I also changed string.substring to more gracefully handle unbounded and
out-of-bounds range limits by taking the intersection of the passed
range and the bounding range of the string (e.g.,
"hello".substring(-5..30) == "hello"). Ranges that don't overlap the
string at all will return an empty string (e.g.,
"hello".substring(50..100) == ""). It takes striding into account as
well. I also made string_index (single character substrings) return an
empty string if the index is out of range. I don't see the danger in
handling substrings like this instead of crashing, and other languages
(e.g., Python) do this as well. All in all I think it makes string
handling a little friendlier.
Also, for edge cases that return empty strings, I simply returned an
empty string literal. I have no idea how safe that is or how it affects
garbage collection. Let me know if it's better practice to allocate a
new string instead.
I put a test case in /test/trivial/bwross/string_index.chpl.
-- Brandon
Index: compiler/AST/primitive.cpp
===================================================================
--- compiler/AST/primitive.cpp (revision 22367)
+++ compiler/AST/primitive.cpp (working copy)
@@ -540,6 +540,7 @@
prim_def("string_length", returnInfoDefaultInt);
prim_def("ascii", returnInfoInt32);
prim_def("string_index", returnInfoString, true, true);
+ prim_def("string_index_of", returnInfoInt32, true, true);
prim_def(PRIM_STRING_COPY, "string_copy", returnInfoString, false, true);
prim_def(PRIM_STRING_NORMALIZE, "string_normalize", returnInfoVoid, true, false);
prim_def(PRIM_STRING_FROM_C_STRING, "string_from_c_string", returnInfoString, true, true);
Index: modules/internal/ChapelRangeBase.chpl
===================================================================
--- modules/internal/ChapelRangeBase.chpl (revision 22367)

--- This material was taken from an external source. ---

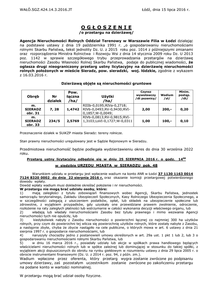 WAŁÓ.SGZ.424.14.3.2016.JT Łódź, dnia 15 lipca 2016 r. OGŁOSZENIE /o przetargu na dzierżawę/ Agencja Nieruchomości Rolnych Oddział Terenowy w Warszawie Filia w Łodzi działając na podstawie ustawy z dnia 19 października 1991 r. „o gospodarowaniu nieruchomościami rolnymi Skarbu Państwa„ tekst jednolity Dz. U. z 2015 roku poz. 1014 z późniejszymi zmianami oraz rozporządzenia Ministra Rolnictwa i Rozwoju Wsi z dnia 14 stycznia 2009 roku Dz. U 2013 poz. 1142 w sprawie szczegółowego trybu przeprowadzania przetargów na dzierżawę nieruchomości Zasobu Własności Rolnej Skarbu Państwa, podaje do publicznej wiadomości, że ogłasza drugi nieograniczony przetarg ustny licytacyjny na dzierżawię nieruchomości rolnych położonych w mieście Sieradz, pow. sieradzki, woj. łódzkie, zgodnie z wykazem z 16.03.2016 r. Dzierżawą objęte są nieruchomości gruntowe Obręb m. SIERADZ obr. 31 m. SIERADZ obr. 33 Nr działek Pow. łączna /ha/ 7, 28 1,4742 234/5 2,5769 Użytki /ha/ RIIIb-0,0195;RIVa-0,2718; RIVb-0,0493;RV-0,9430;RVI0,1857;W-0,0049; RIVb-0,0813;RV-0,9815;RVI1,3103;LsVI-0,1727;W-0,0311 Czynsz wywoławczy /dt pszenicy/ Wadium /zł/ Minim. postąp. /dt/ 2,00 200,- 0,20 1,00 100,- 0,10 Przeznaczenie działek w SUiKZP miasta Sieradz: tereny rolnicze. Stan prawny nieruchomości uregulowany jest w Sądzie Rejonowym w Sieradzu. Przedmiotowa nieruchomość będzie podlegała wydzierżawieniu okres do dnia 30 września 2022 roku. Przetarg ustny licytacyjny odbędzie się w dniu 25 SIERPNIA 2016 r. o godz. 1400 w siedzibie URZĘDU MIASTA w SIERADZU pok. 48 Warunkiem udziału w przetargu jest wpłacenie wadium na konto ANR w Łodzi 37 1130 1163 0014 7124 8320 0002 do dnia 22 sierpnia 2016 r. oraz okazanie komisji przetargowej potwierdzonego dowodu wpłaty. Dowód wpłaty wadium musi dokładnie określać położenie i nr nieruchomości. W przetargu nie mogą brać udziału osoby, które: 1) mają zaległości z tytułu zobowiązań finansowych wobec Agencji, Skarbu Państwa, jednostek samorządu terytorialnego, Zakładu Ubezpieczeń Społecznych, Kasy Rolniczego Ubezpieczenia Społecznego, a w szczególności zalegają z uiszczeniem podatków, opłat, lub składek na ubezpieczenie społeczne lub zdrowotne, z wyjątkiem przypadków, gdy uzyskały one przewidziane prawem zwolnienie, odroczenie, rozłożenie na raty zaległych płatności lub wstrzymanie w całości wykonania decyzji właściwego organu, lub 2) władają lub władały nieruchomościami Zasobu bez tytułu prawnego i mimo wezwania Agencji nieruchomości tych nie opuściły, lub 3) kiedykolwiek nabyły z Zasobu nieruchomości o powierzchni łącznej co najmniej 300 ha użytków rolnych, przy czym do powierzchni tej wlicza się powierzchnię użytków rolnych, które zostały nabyte z Zasobu, a następnie zbyte, chyba że zbycie nastąpiło na cele publiczne, o których mowa w art. 6 ustawy z dnia 21 sierpnia 1997 r. o gospodarce nieruchomościami, lub 4) naruszyły chociażby jedno z postanowień umowy określonych w art. 29a ust. 1 pkt 1 lub 2, lub 3 o gospodarowaniu nieruchomościami rolnymi Skarbu Państwa, lub 5) w dniu 16 marca 2016 r., posiadały udziały lub akcje w spółkach prawa handlowego będących właścicielami nieruchomości rolnych lub w spółce zależnej lub dominującej w stosunku do takiej spółki, z wyjątkiem akcji dopuszczonych do obrotu na rynku giełdowym w rozumieniu ustawy z dnia 29 lipca 2005 r. o obrocie instrumentami finansowymi (Dz. U. z 2014 r. poz. 94, z późn. zm.). Wadium wpłacone przez oferenta, który przetarg wygra zostanie zwrócone po podpisaniu umowy dzierżawy, zaś pozostałym uczestnikom zostanie zwrócone po zakończeniu przetargu na podane konto w wartości nominalnej. W przetargu mogą brać udział osoby fizyczne. Wadium nie podlega zwrotowi w przypadku, gdy: 1. żaden z uczestników przetargu ustnego nie zgłosi postąpienia ponad czynsz wywoławczy; 2. osoba, która przetarg wygra uchyli się od zawarcia umowy dzierżawy; 3. zawarcie umowy stanie się niemożliwe z przyczyn leżących po stronie oferenta, t.j. w szczególności nie uzyskania pisemnej zgody współmałżonka (w przypadku wspólności ustawowej) na dzierżawę nieruchomości, zgodnie z art.37 Kodeksu Rodzinnego i Opiekuńczego, bądź braku złożenia zabezpieczeń zapłaty należności wynikających z umowy dzierżawy, które to stanowią warunek zawarcia umowy. Dodatkowo uczestnicy przetargu, po zapoznaniu się z ogłoszeniem, przedmiotem przetargu oraz granicami nieruchomości, obowiązani są przedstawić Komisji Przetargowej: · Dokument stwierdzający tożsamość, · Stosowne pełnomocnictwo; (w przypadku uczestnictwa w przetargu pełnomocników uczestników przetargu, pełnomocnicy powinni okazać Komisji Przetargowej stosowne pełnomocnictwa), · Oświadczenie o zapoznaniu się z nieruchomością w terenie, projektem umowy dzierżawy zawierającym postanowienia, które nie podlegają ustaleniu w trybie przetargu, wymogami formalnymi zabezpieczeń należności oraz że nie zalegają wobec ANR z żadnymi płatnościami pod rygorem niedopuszczenia do przetargu · Potwierdzenie wpłaty wadium. Kandydat ustalony na dzierżawcę, celem zabezpieczenia kwoty należnej za 18-to miesięczny okres dzierżawy zobowiązany jest złożyć zabezpieczenie w postaci: ¾ złożenia weksli własnych in blanco przed zawarciem umowy dzierżawy. Projekt umowy dzierżawy i zarządzenia Prezesa ANR w sprawie zabezpieczenia należności są dostępne w siedzibie ANR w Łodzi, ul. Północna 27/29. Dzierżawa nieruchomości nastąpi wg danych ewidencyjnych, zgodnie z mapą ewidencyjną i wypisem z rejestru gruntów, wydanym przez Starostwo Powiatowe w Sieradzu. Kupujący oświadcza, że nie będzie występował z żadnymi roszczeniami wobec sprzedającego z tytułu ewentualnej niezgodności w zakresie rodzaju użytków oraz ewentualnej różnicy w powierzchni sprzedawanej nieruchomości, jeżeli po sprzedaży

+++ modules/internal/ChapelRangeBase.chpl (working copy)
@@ -1014,13 +1014,9 @@
// Return a substring of a string with a range of indices.
inline proc string.substring(r: rangeBase(?))
{
- if r.boundedType != BoundedRangeType.bounded then
- compilerError("substring indexing undefined on unbounded ranges");
-
- if r.stride != 1 then
- return __primitive("string_strided_select", this, r.alignedLow, r.alignedHigh, r.stride);
- else
- return __primitive("string_select", this, r.low, r.high);
+ var r2 = r[(1..this.length)._base]; // Intersect with string bounds.
+ var lo:int = r2.alignedLow, hi:int = r2.alignedHigh;
+ return __primitive("string_strided_select", this, lo, hi, r2.stride);
}
Index: runtime/include/chpltypes.h
===================================================================
--- runtime/include/chpltypes.h (revision 22367)
+++ runtime/include/chpltypes.h (working copy)
@@ -229,6 +229,7 @@
void chpl_string_widen(struct chpl_chpl____wide_chpl_string_s* x, chpl_string from, int32_t lineno, chpl_string filename);
void chpl_comm_wide_get_string(chpl_string* local, struct chpl_chpl____wide_chpl_string_s* x, int32_t tid, int32_t lineno, chpl_string filename);
chpl_string string_concat(chpl_string x, chpl_string y, int32_t lineno, chpl_string filename);
+int32_t string_index_of(chpl_string x, chpl_string y, int32_t lineno, chpl_string filename);
chpl_string string_index(chpl_string x, int i, int32_t lineno, chpl_string filename);
chpl_string string_select(chpl_string x, int low, int high, int32_t lineno, chpl_string filename);
chpl_string string_strided_select(chpl_string x, int low, int high, int stride, int32_t lineno, chpl_string filename);
Index: runtime/src/chpltypes.c
===================================================================
--- runtime/src/chpltypes.c (revision 22367)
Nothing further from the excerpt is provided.